GT 4.0 GridFTP Glossary

C

client

FTP is a command/response protocol. The defining characteristic of a client is that it is the process sending the commands and receiving the responses. It may or may not take part in the actual movement of data.

See Also client/server transfer, third party transfers.

client/server transfer

In a client/server transfer, there are only two entities involved in the transfer, the client entity and the server entity. We use the term entity here rather than process because in the implementation provided in GT4, the server entity may actually run as two or more separate processes.

The client will either move data from or to his local host. The client will decide whether or not he wishes to connect to the server to establish the data channel or the server should connect to him (MODE E dictates who must connect).

If the client wishes to connect to the server, he will send the PASV (passive) command. The server will start listening on an ephemeral (random, non-privileged) port and will return the IP and port as a response to the command.

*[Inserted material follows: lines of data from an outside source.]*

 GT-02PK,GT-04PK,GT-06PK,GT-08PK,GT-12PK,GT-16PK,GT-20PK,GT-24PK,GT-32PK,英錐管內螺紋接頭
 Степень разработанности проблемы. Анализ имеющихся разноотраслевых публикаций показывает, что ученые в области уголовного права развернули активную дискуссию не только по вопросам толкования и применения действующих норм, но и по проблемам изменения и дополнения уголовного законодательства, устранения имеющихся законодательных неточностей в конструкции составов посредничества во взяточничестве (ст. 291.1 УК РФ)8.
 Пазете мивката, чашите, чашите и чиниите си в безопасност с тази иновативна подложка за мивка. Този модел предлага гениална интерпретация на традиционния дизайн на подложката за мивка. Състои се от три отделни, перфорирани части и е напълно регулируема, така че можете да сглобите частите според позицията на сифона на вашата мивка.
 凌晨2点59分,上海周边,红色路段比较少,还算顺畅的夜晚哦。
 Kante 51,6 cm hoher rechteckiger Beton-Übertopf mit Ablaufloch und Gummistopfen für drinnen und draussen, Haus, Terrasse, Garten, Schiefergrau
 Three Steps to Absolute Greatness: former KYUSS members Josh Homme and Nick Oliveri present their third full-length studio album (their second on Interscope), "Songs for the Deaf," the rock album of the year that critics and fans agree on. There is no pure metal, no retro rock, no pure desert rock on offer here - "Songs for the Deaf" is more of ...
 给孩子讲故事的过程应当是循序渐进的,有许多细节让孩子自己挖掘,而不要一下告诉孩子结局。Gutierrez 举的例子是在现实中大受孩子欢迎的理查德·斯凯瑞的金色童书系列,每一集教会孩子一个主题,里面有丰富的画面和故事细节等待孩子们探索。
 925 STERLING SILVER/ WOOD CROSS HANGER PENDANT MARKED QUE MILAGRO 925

The client will then connect to that IP/Port.

If the client wishes to have the server connect to him, the client would start listening on an ephemeral port, and would then send the PORT command which includes the IP/Port as part of the command to the server and the server would initiate the TCP connect. Note that this decision has an impact on traversing firewalls. For instance, the client's host may be behind a firewall and the server may not be able to connect.

Finally, now that the data channel is established, the client will send either the RETR “filename” command to transfer a file from the server to the client (GET), or the STOR “filename” command to transfer a file from the client to the server (PUT).

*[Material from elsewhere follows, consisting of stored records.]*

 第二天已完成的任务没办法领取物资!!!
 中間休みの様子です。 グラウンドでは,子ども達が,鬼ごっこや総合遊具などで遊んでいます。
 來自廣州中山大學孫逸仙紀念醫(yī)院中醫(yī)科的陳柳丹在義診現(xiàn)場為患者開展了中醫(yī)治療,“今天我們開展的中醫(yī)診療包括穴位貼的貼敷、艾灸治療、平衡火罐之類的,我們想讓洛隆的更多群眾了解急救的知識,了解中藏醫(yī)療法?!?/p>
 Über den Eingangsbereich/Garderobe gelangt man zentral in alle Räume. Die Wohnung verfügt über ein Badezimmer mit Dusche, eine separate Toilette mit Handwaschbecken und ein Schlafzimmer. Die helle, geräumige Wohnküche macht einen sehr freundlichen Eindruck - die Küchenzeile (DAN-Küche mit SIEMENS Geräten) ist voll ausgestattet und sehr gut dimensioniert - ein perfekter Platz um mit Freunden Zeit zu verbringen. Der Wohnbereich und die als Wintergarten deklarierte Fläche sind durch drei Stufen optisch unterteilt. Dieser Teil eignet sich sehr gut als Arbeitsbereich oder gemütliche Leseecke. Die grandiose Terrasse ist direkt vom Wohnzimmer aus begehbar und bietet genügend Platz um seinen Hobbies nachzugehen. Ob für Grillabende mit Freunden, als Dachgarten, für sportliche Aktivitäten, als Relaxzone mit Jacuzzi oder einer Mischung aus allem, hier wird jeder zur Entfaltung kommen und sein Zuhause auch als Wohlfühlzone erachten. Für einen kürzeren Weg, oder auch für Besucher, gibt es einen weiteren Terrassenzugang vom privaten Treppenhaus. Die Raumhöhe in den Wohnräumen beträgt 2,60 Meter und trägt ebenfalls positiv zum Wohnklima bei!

See Also extended block mode (MODE E).

command/response

Both FTP and GridFTP are command/response protocols. What this means is that once a client sends a command to the server, it can only accept responses from the server until it receives a response indicating that the server is finished with that command. For most commands this is not a big deal. For instance, setting the type of the file transfer to binary (called "I" for "image in the protocol"), simply consists of the client sending TYPE I and the server responding with 220 OK. Type set to I. However, the SEND and RETR commands (which actually initiate the movement of data) can run for a long time. Once the command is sent, the client’s only options are to wait until it receives the completion reply, or kill the transfer.

concurrency

When speaking of GridFTP transfers, concurrency refers to having multiple files in transit at the same time. They may all be on the same host or across multiple hosts. This is equivalent to starting up “n” different clients for “n” different files, and having them all running at the same time. This can be effective if you have many small files to move. The Reliable File Transfer (RFT) service utilizes concurrency to improve its performance.

D

dual channel protocol

GridFTP uses two channels:

  • One of the channels, called the control channel, is used for sending commands and responses. It is low bandwidth and is encrypted for security reasons.
  • The second channel is known as the data channel. Its sole purpose is to transfer the data. It is high bandwidth and uses an efficient protocol.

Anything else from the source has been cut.